Would you reproduce the whole listing exactly, dropping any pictures it holds?

━━━ PROVIDED INFORMATION ━━━

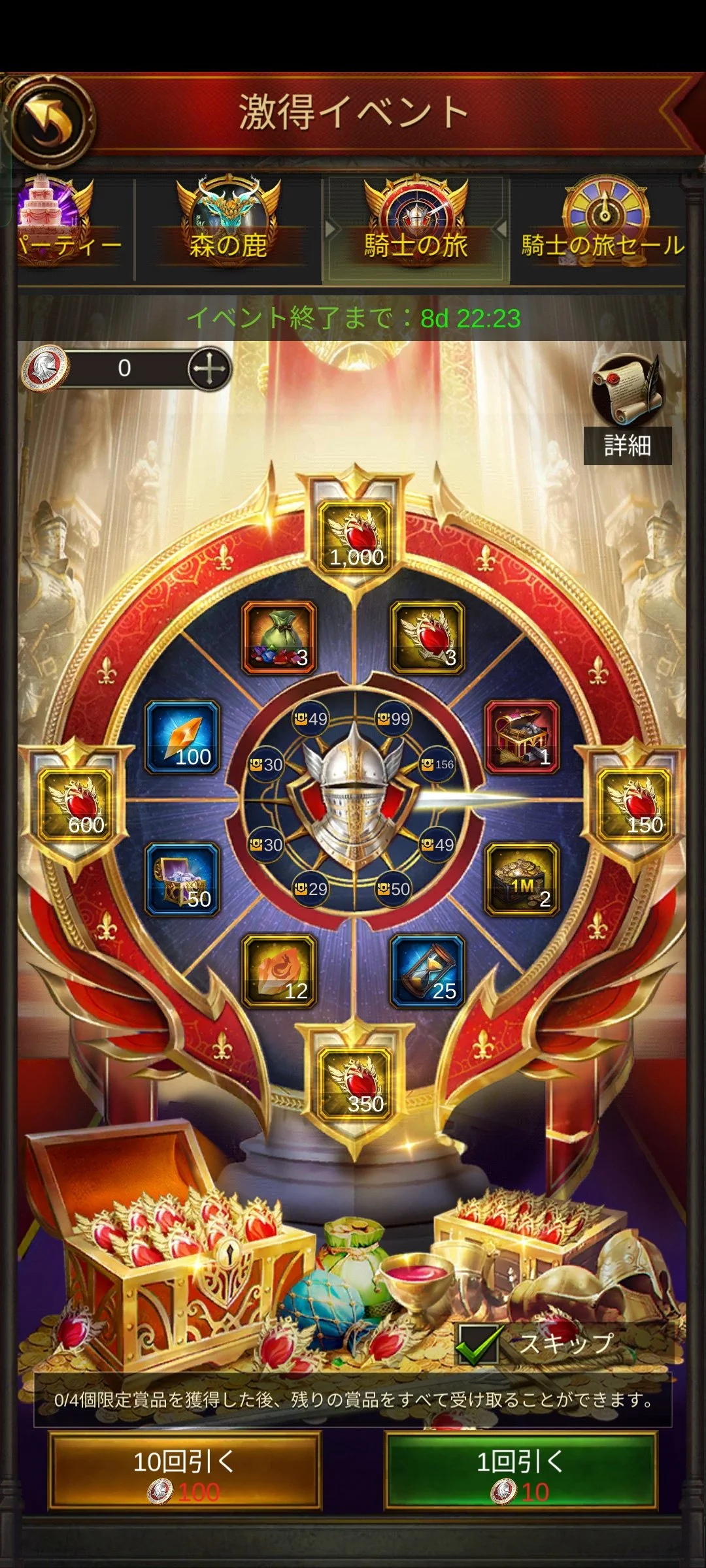 ・ナイトコインを使用すると、「騎士の旅」の抽選イベントに参加できます。抽選イベントには8種類のリワードと4種類の限定リワードが用意されています。4 種類の限定リワードが全部入手した後、残された全てのリワードが自動的に入手して、最大2400個の「アレースの血の結晶」を獲得できます!
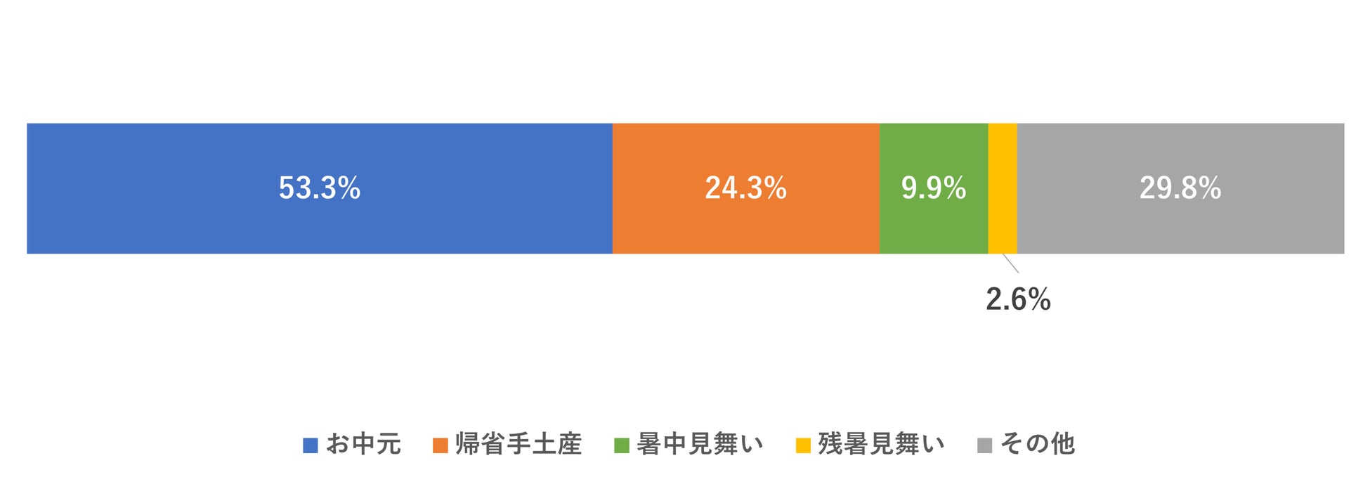 「今年の夏にギフトを贈る予定があるものをお選びください。」という質問に対して、半数以上が「お中元」(53.3%)を贈ると回答。以下、「帰省手土産」(24.3%)、「暑中見舞い」(9.9%)、「残暑見舞い」(2.6%)、「贈る予定はない」と回答した人は約3割(29.8%)だった。お中元や暑中見舞いに限らず、帰省手土産も、夏の季節のご挨拶のひとつとして考える人が多いようだ。
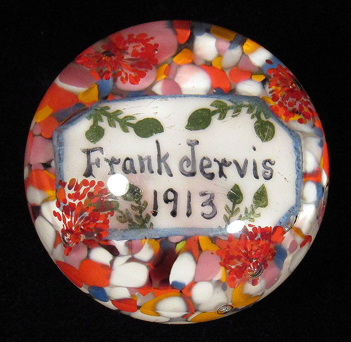 Title (ebay affiliate link): 1913 Antique Glass PAPERWEIGHT Scramble End of Day w/ NAME & DATE Folk Art N/R!
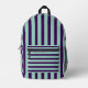 Classic Dark Purple and Light Teal Striped Printed Backpack
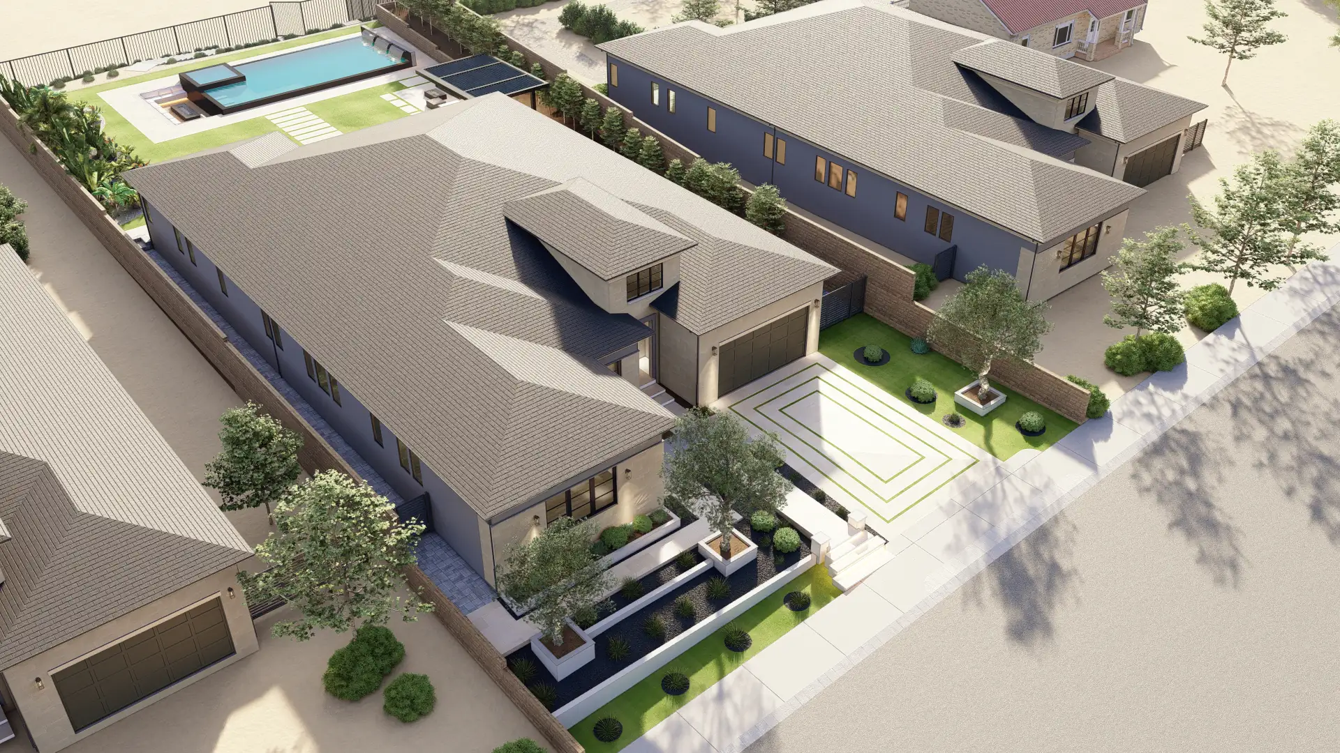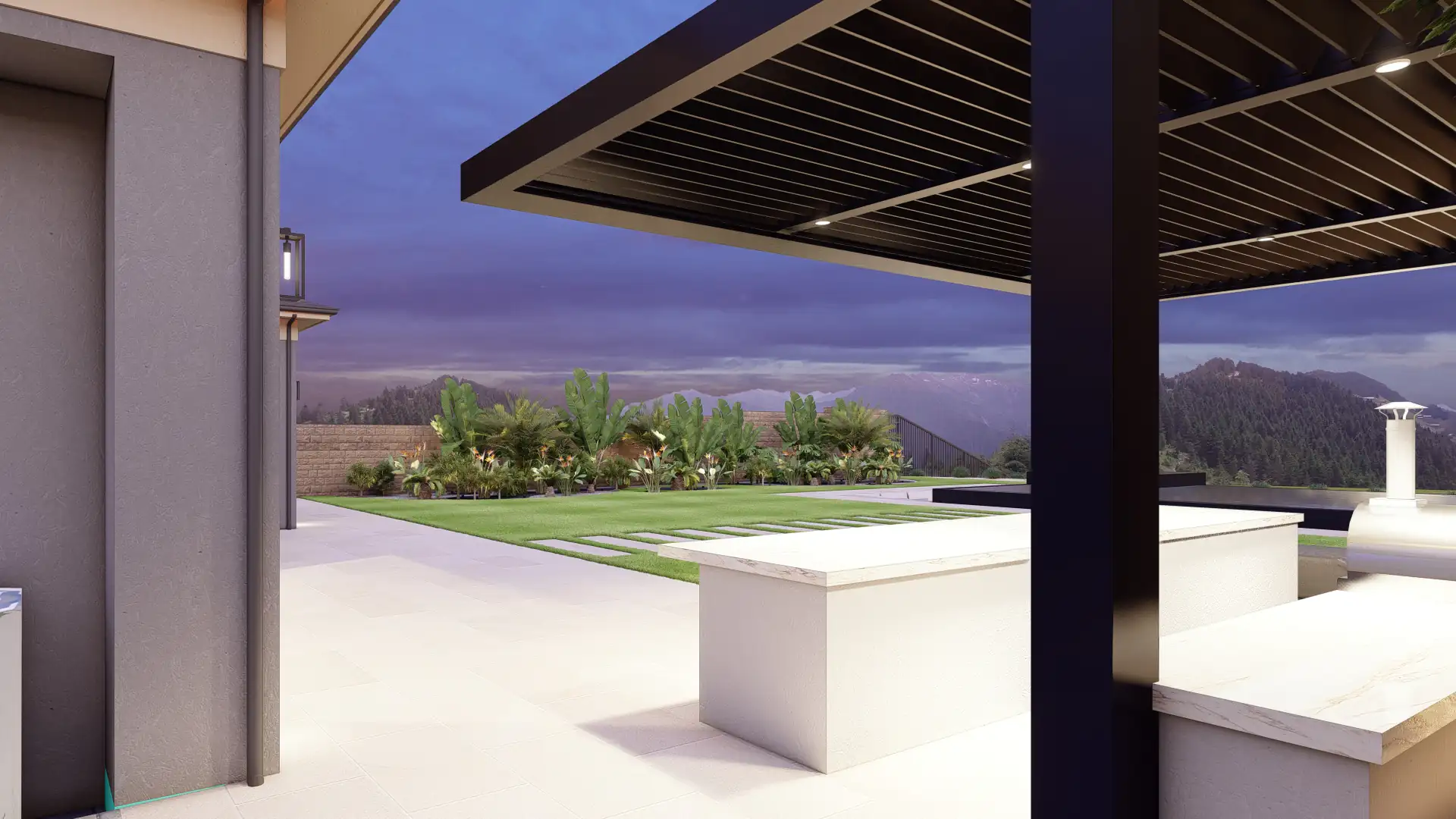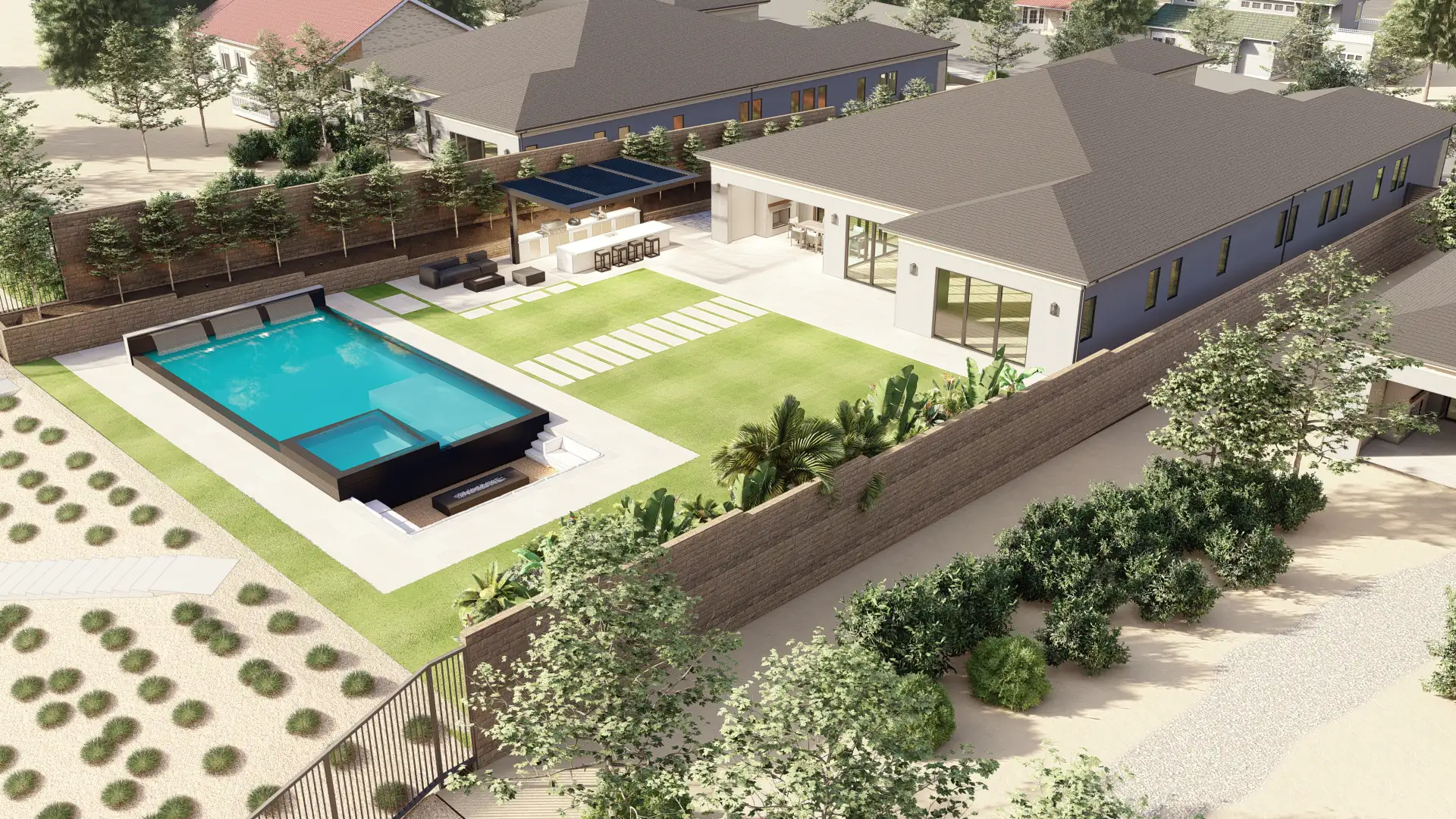 The backyard integrates tropical plantings, porcelain pavers, and clean geometry. Cantilevered shade, LED step lighting, and a zero-edge pool with raised spa establish an immersive outdoor retreat balancing modern design details with warmth, comfort, and sophistication.
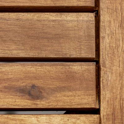 Treat yourself to a cozy picnic with Saracina Home’s Extendable Patio Table Dining Set. Enjoy a shady oasis as the grooved tabletop comes with an umbrella hole. Its calm, coastal design is great for global and boho trends. And with room to seat four to six people on this extendable table, imagine all the fun garden parties or tea-time brunches you could host. Its acacia wood frame is weather-resistant, so rest easy knowing this cute, outdoor dining set is in for the long haul. Apply occasional teak oil to keep wood looking vibrant. Properly care for your outdoor acacia furniture by applying teak oil every 2-3 months and keeping it out of severe weather conditions.

━━━

- SOLVED EXERCISE -
 ・ナイトコインを使用すると、「騎士の旅」の抽選イベントに参加できます。抽選イベントには8種類のリワードと4種類の限定リワードが用意されています。4 種類の限定リワードが全部入手した後、残された全てのリワードが自動的に入手して、最大2400個の「アレースの血の結晶」を獲得できます!
 「今年の夏にギフトを贈る予定があるものをお選びください。」という質問に対して、半数以上が「お中元」(53.3%)を贈ると回答。以下、「帰省手土産」(24.3%)、「暑中見舞い」(9.9%)、「残暑見舞い」(2.6%)、「贈る予定はない」と回答した人は約3割(29.8%)だった。お中元や暑中見舞いに限らず、帰省手土産も、夏の季節のご挨拶のひとつとして考える人が多いようだ。
 Title (ebay affiliate link): 1913 Antique Glass PAPERWEIGHT Scramble End of Day w/ NAME & DATE Folk Art N/R!
 Classic Dark Purple and Light Teal Striped Printed Backpack
 The backyard integrates tropical plantings, porcelain pavers, and clean geometry. Cantilevered shade, LED step lighting, and a zero-edge pool with raised spa establish an immersive outdoor retreat balancing modern design details with warmth, comfort, and sophistication.
 Treat yourself to a cozy picnic with Saracina Home’s Extendable Patio Table Dining Set. Enjoy a shady oasis as the grooved tabletop comes with an umbrella hole. Its calm, coastal design is great for global and boho trends. And with room to seat four to six people on this extendable table, imagine all the fun garden parties or tea-time brunches you could host. Its acacia wood frame is weather-resistant, so rest easy knowing this cute, outdoor dining set is in for the long haul. Apply occasional teak oil to keep wood looking vibrant. Properly care for your outdoor acacia furniture by applying teak oil every 2-3 months and keeping it out of severe weather conditions.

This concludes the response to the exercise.